• [How to complete this task]
Every line in the data below from the one containing "text_fieldsPrime Minister Narendra" down to the one containing "但值得注意的是,选择搭配的服", both included, must be retyped exactly; no other line is to appear.

• [Data section]
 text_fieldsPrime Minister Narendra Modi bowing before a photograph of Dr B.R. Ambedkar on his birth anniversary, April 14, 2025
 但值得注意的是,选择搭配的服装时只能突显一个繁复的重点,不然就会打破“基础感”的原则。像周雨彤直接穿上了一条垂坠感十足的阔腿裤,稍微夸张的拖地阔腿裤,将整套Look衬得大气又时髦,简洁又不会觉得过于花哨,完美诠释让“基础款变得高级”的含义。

...

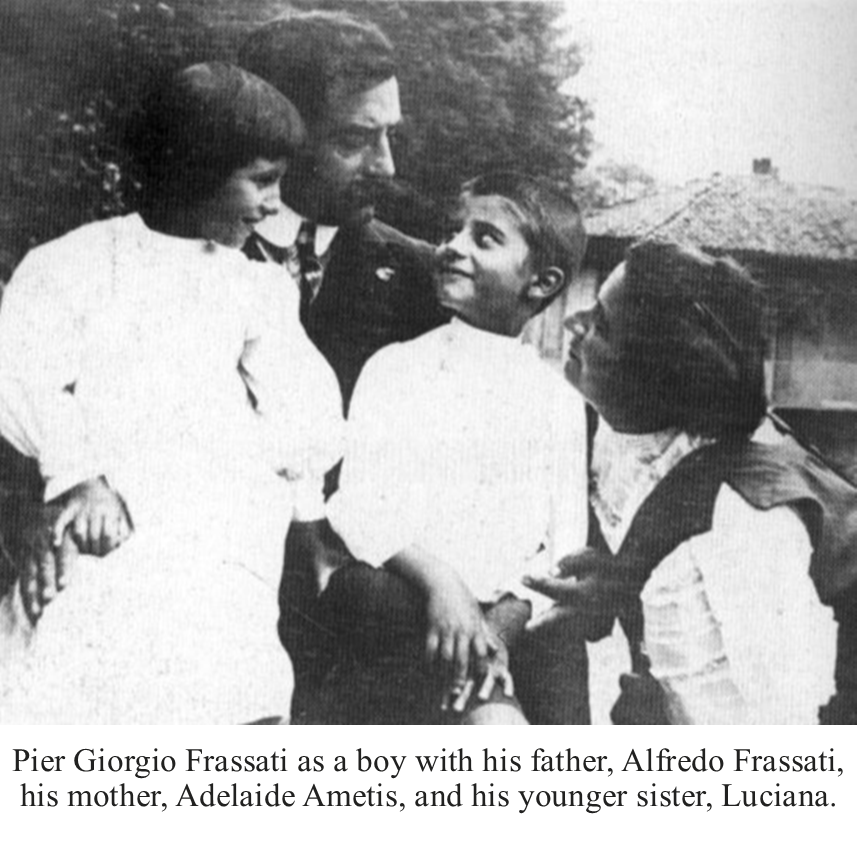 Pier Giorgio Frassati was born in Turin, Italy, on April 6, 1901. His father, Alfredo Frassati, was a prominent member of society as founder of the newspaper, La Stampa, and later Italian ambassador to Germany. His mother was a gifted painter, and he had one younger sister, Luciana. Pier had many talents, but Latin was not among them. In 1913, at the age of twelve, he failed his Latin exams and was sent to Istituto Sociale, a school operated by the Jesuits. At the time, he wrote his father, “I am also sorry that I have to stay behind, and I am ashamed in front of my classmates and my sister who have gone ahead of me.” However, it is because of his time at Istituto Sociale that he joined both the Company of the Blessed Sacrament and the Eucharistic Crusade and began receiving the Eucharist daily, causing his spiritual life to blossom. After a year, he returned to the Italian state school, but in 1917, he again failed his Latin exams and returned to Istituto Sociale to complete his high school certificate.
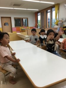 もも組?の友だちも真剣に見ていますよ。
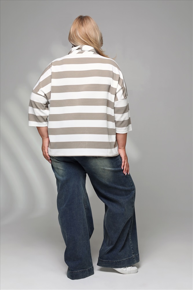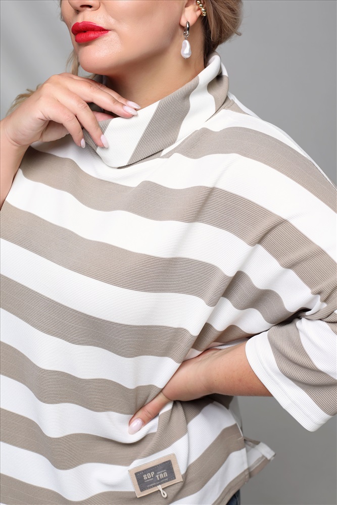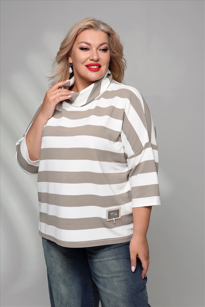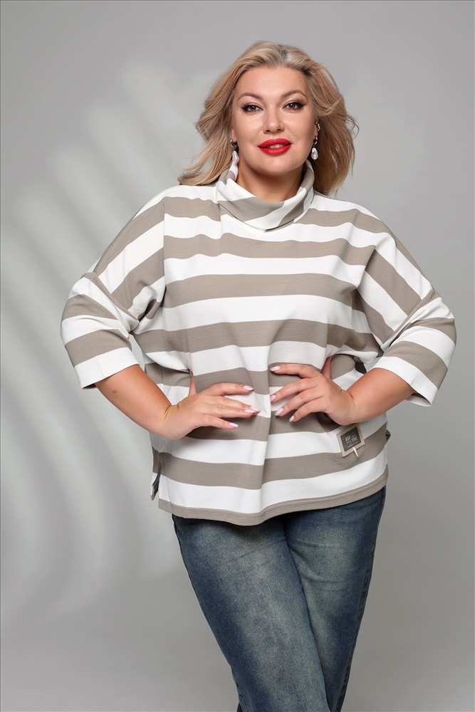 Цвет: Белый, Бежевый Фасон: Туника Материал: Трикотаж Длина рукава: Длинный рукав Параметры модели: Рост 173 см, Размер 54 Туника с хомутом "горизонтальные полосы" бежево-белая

--

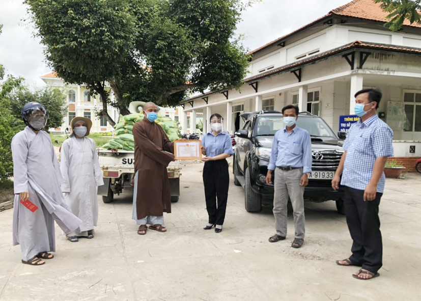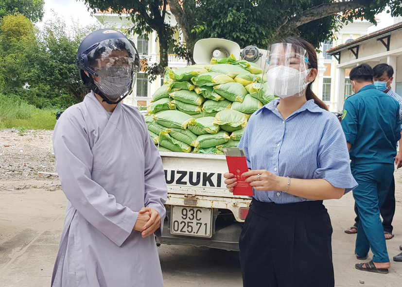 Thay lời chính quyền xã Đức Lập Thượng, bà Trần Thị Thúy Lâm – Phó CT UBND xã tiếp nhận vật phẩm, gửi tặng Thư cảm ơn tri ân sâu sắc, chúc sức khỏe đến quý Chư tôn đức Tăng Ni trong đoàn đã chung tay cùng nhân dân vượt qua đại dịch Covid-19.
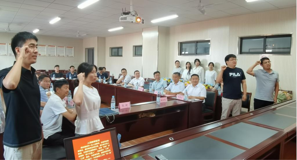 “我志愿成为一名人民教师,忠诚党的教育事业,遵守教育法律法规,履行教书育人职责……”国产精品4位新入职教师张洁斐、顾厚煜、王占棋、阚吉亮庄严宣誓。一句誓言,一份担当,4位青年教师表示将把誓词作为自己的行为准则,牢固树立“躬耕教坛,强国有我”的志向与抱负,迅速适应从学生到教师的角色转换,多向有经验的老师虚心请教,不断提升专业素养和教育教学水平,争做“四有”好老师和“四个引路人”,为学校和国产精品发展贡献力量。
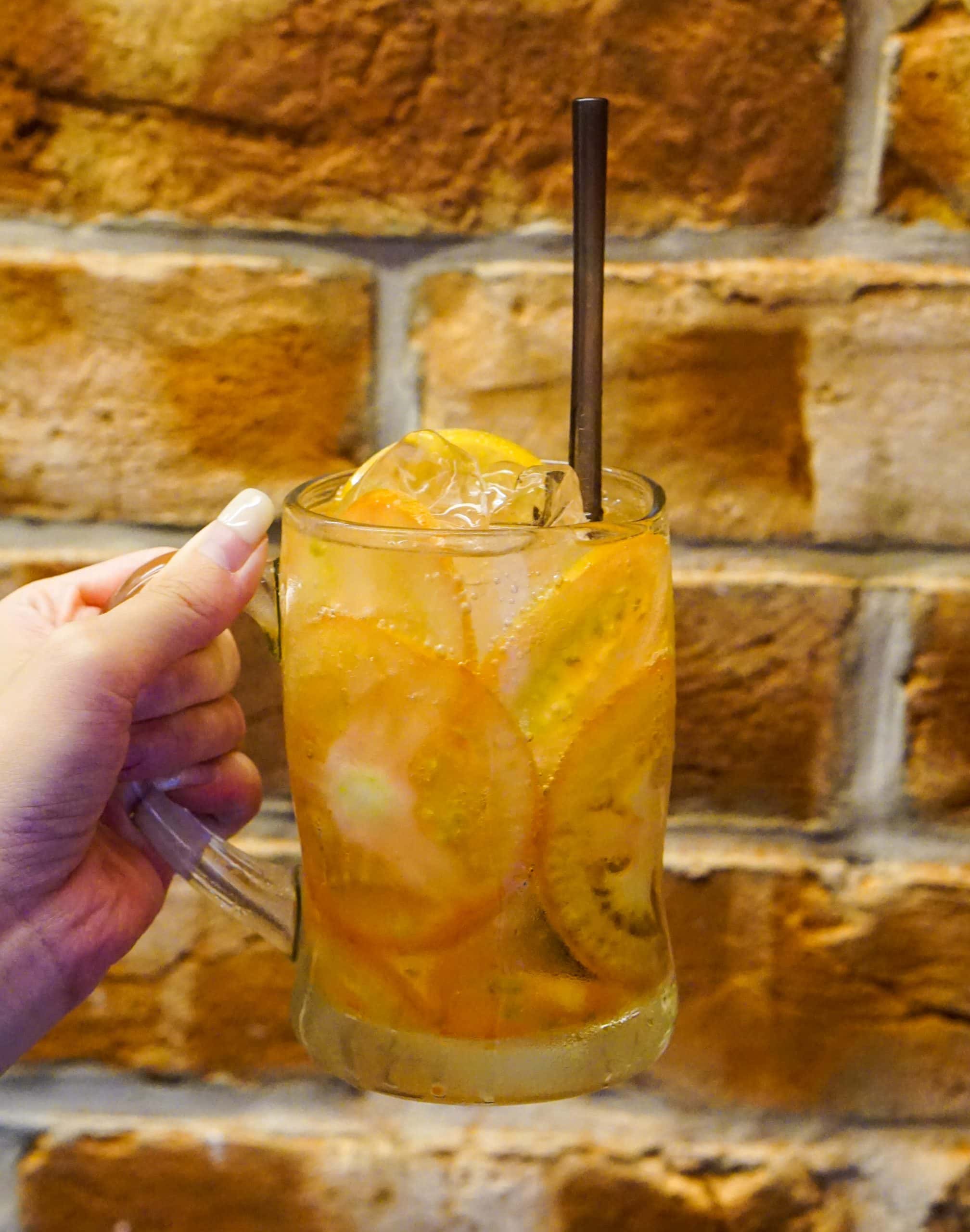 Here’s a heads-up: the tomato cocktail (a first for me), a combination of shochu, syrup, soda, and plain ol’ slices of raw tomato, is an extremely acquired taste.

• [Response area]
 text_fieldsPrime Minister Narendra Modi bowing before a photograph of Dr B.R. Ambedkar on his birth anniversary, April 14, 2025
 但值得注意的是,选择搭配的服装时只能突显一个繁复的重点,不然就会打破“基础感”的原则。像周雨彤直接穿上了一条垂坠感十足的阔腿裤,稍微夸张的拖地阔腿裤,将整套Look衬得大气又时髦,简洁又不会觉得过于花哨,完美诠释让“基础款变得高级”的含义。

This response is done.